**WORK TO BE COMPLETED:**
Every line from the one with "Poster Abstractie van" through the final line of the data below goes in the answer, copied exactly. Pictures do not.
(MATERIAL TO PROCESS)
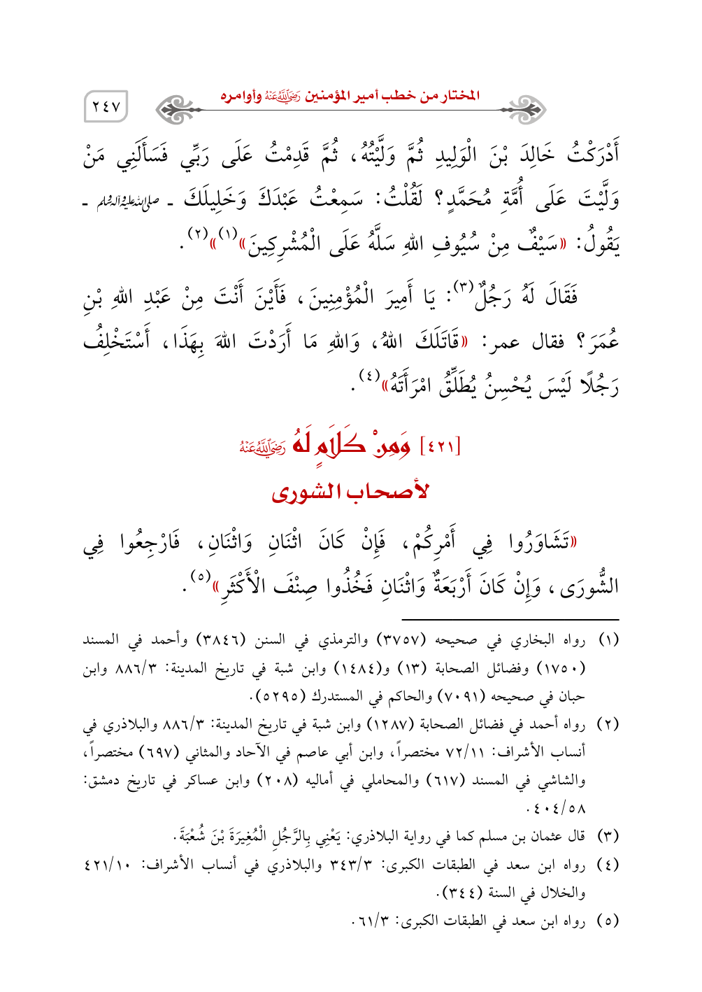(¬4) رواه ابن سعد في الطبقات الكبرى: 3/ 343 والبلاذري في أنساب الأشراف: 10/ 421 والخلال في السنة (344).
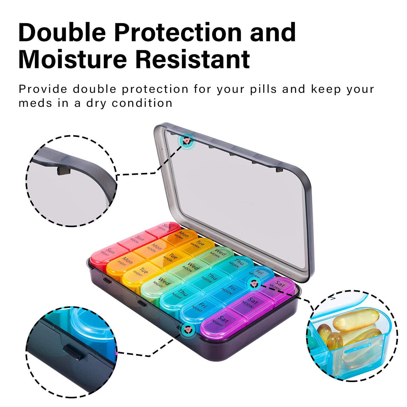 - Double Protection Design - Premium solid ABS outer container and high-quality weekly pill organizer provide double protection for your pills. Don't need to worry about pills spilling in your bag or suitcase anymore, pill organizer 3 times a day closes tightly all the time
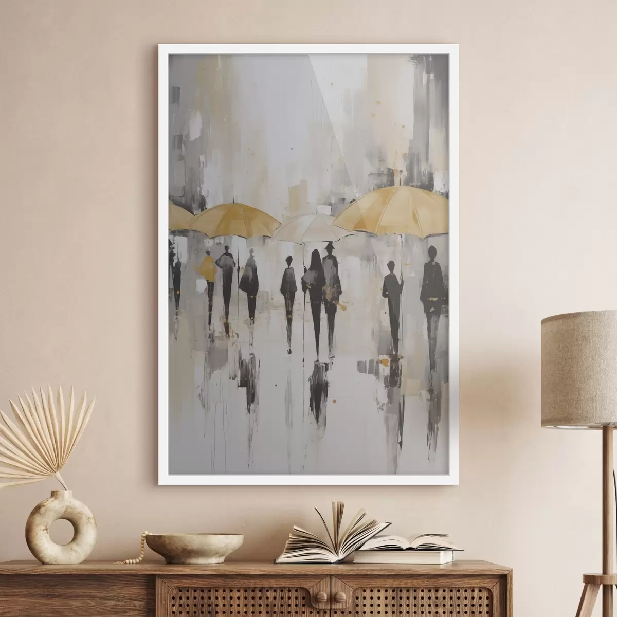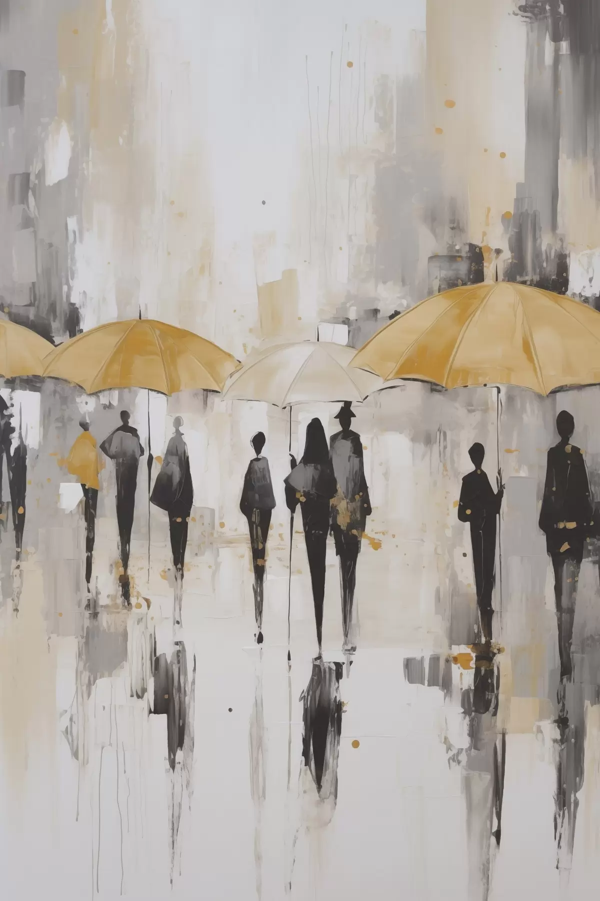 Poster Abstractie van mensen met paraplu's N° f46304
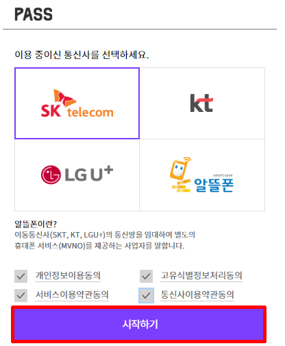 자신의 통신사를 선택해주시고, 문자인증을 하시면 됩니다.
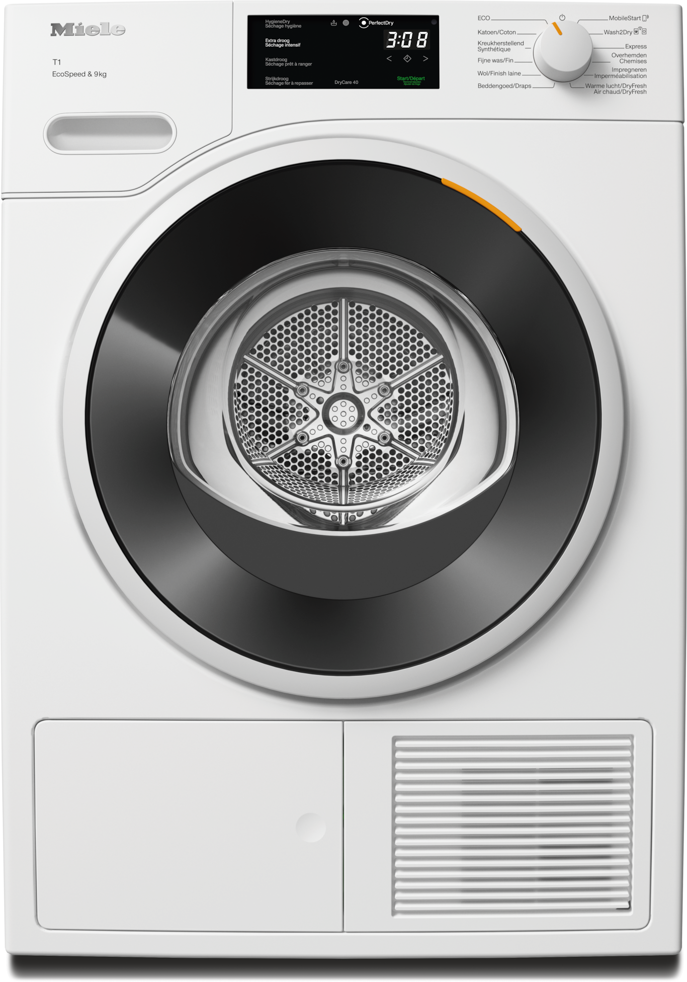 - 8.Gain de temps calculé par rapport aux sèche-linge Miele sans la fonction EcoSpeed avec la même charge et une efficacité énergétique similaire. Résultat testé avec le programme “Coton” à pleine charge.
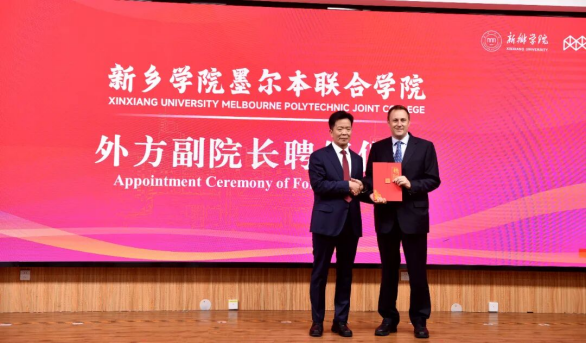 李广慧就联合学院本学期重点工作作出部署,从制度建设、硬件建设、专业建设、招生宣传、教学管理、财务管理等六个方面明确了任务路径,确保学院实现高质量开局。大会举行聘任仪式,李广慧为提姆・吉尔伯特颁发了新乡学院墨尔本联合学院外方副院长聘书。
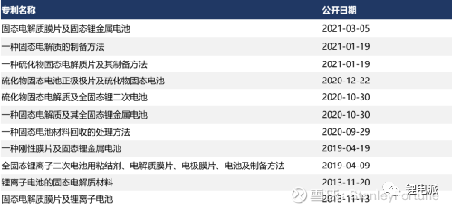 专利储备:公司研发固态电池多年,自2013年起已有相关专利储备。
(End MATERIAL TO PROCESS)
**ANSWER TO THIS EXERCISE:**
 Poster Abstractie van mensen met paraplu's N° f46304
 자신의 통신사를 선택해주시고, 문자인증을 하시면 됩니다.
 - 8.Gain de temps calculé par rapport aux sèche-linge Miele sans la fonction EcoSpeed avec la même charge et une efficacité énergétique similaire. Résultat testé avec le programme “Coton” à pleine charge.
 李广慧就联合学院本学期重点工作作出部署,从制度建设、硬件建设、专业建设、招生宣传、教学管理、财务管理等六个方面明确了任务路径,确保学院实现高质量开局。大会举行聘任仪式,李广慧为提姆・吉尔伯特颁发了新乡学院墨尔本联合学院外方副院长聘书。
 专利储备:公司研发固态电池多年,自2013年起已有相关专利储备。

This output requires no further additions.